To our knowledge, this is the first study in the United States to examine in a large sample of adolescent internet and non-internet gamblers the relationships between problem gambling severity and a wide range of health/functioning characteristics, risk behaviors, and gambling motivations and behaviors. Consistent with our first hypothesis, adolescents who reported gambling on the internet were more frequently classified as ARPGers compared to adolescents who did not report gambling on the internet. Our second hypothesis was largely supported by our findings, as among adolescent internet gamblers compared to non-internet gamblers, ARPG was more strongly associated with current heavy alcohol use. However, the associations between ARPG and other substance use measures were largely similar among internet and non-internet gamblers. Our third hypothesis that classification as an ARPGer would be more strongly associated with the report of past-year dysphoria/depression among internet gamblers than among non-internet gamblers was not supported. Specifically, among both internet and non-internet gamblers, ARPGers were more likely than LRGers to report past-year dysphoria/depression. Our finding that for non-internet gamblers, ARPG was more closely associated with gambling with friends as compared to internet gamblers did provide support for our fourth hypothesis. These differences found between internet gamblers and non-internet gamblers highlight the importance of considering specific forms of gambling when investigating the health implications related to problem gambling severity amongst adolescents. The identified differences between adolescent internet and non-internet gamblers will be discussed with respect to their clinical relevance.

Our findings indicate that ARPG is more frequent among adolescent internet gamblers compared to non-internet gamblers. These data are consistent with studies of adults in which internet gambling has been associated with higher rates of problem gambling14, 28 and other studies of adolescents in which the overall frequency of gambling (i.e., number of days spent gambling) and gambling “versatility” (i.e., number of gambling types performed) were higher for individuals gambling on the internet when compared to other forms of gambling.29

The finding of an association between ARPG and grade averages of D’s or lower amongst internet gamblers is consistent with previous research linking poorer academic performance with problem/pathological gambling in adolescents30 and with internet gambling in college students.17 Therefore, the association between poor academic performance and internet gambling, particular at a risky or problematic level, may exist across age groups and educational settings.

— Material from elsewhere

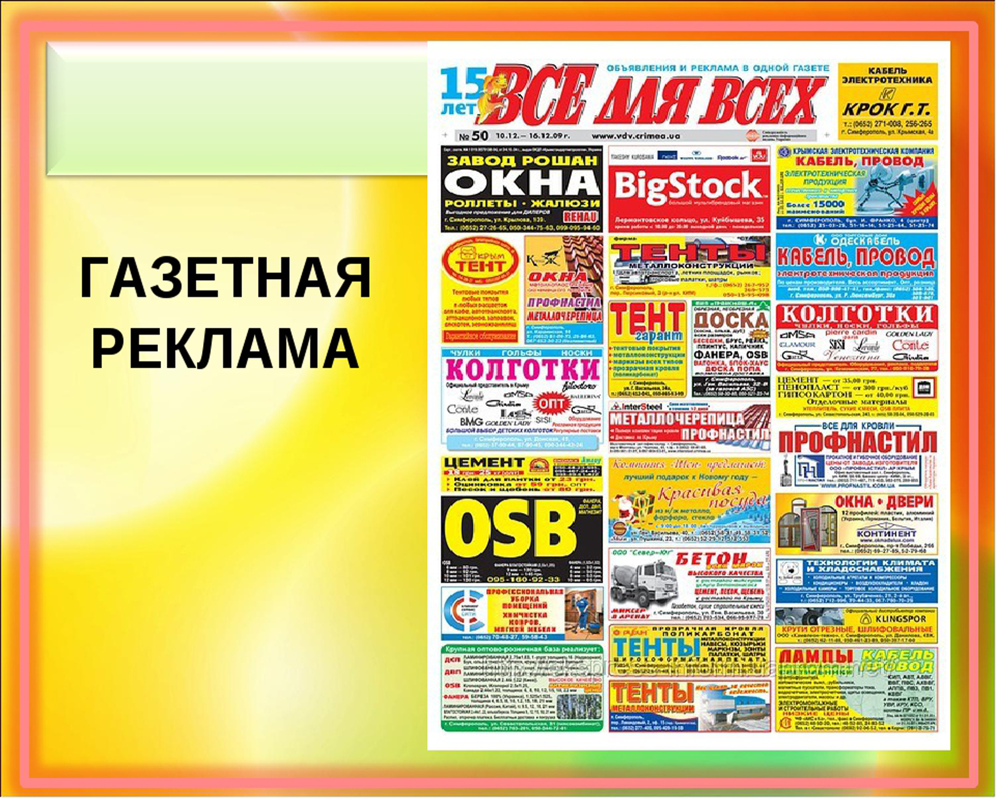 Размещение рекламы в газете |

For adolescent internet gamblers, ARPG status was more strongly associated with current heavy alcohol use when compared to non-internet gamblers, consistent with data linking internet gambling and heavy drinking in adults.16 However, the associations between ARPG and other substance use measures, although significant, were largely similar among internet gamblers and non-internet gamblers. These findings extend previous research associating heavier or problematic gambling and substance use during adolescence.2, 6, 31, 32 Adolescents who gamble on the internet may thus be at greater risk for developing both gambling and substance-related problems, particularly as early onset of heavy alcohol consumption has been linked to alcoholism later in life. Consistently, individuals initiating gambling during pre-adolescence and early adolescence were more likely than adult-onset gamblers to report receiving treatment for alcohol use disorders and more likely to report the use of other drugs.33 Potential factors underlying the relationship between internet ARPG and heavy alcohol consumption (e.g., genetic factors linking alcoholism and pathological gambling, early life stressors, impulsivity, or others) warrant additional investigation, particularly within a developmental framework.

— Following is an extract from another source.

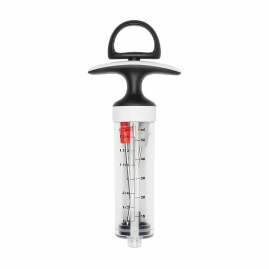 Whether you like to season with brines or butter, marinades or minced garlic, inject more flavor in less time (and more fun!) with the OXO good grips flavor injector. Simply fill the BPA-free Tritan body with the marinate or sauce of your choice, using the convenient measurement markings if your recipe calls for it, and inject your roast or bird with delicious flavor. The large, open handle provides a comfortable grip while pushing and pulling at any angle. Two color-coded tips are included: a wide needle for thick marinades and sauces, and narrow for thin marinades and melted butter. The needles feature grips to twist on and off, even with slippery fingers, and all parts dissemble for easy, thorough cleaning.

ARPG was associated with depressive symptoms among both internet and non-internet gamblers, consistent with prior studies linking adolescent gambling and depressive features.4, 6, 34 In young adult online gamblers, negative mood states, including after gambling, predict problem/pathological gambling,35 and over 10% of pathological gamblers committing suicide had co-occurring mood disorders.36 As genetic factors contribute substantially to the co-occurrence between pathological gambling and major depression,37 identification of specific genetic risk alleles might aid in prevention efforts. Additionally, screening for gambling problems, depression and their co-occurrence amongst adolescents may lead to early identification and intervention.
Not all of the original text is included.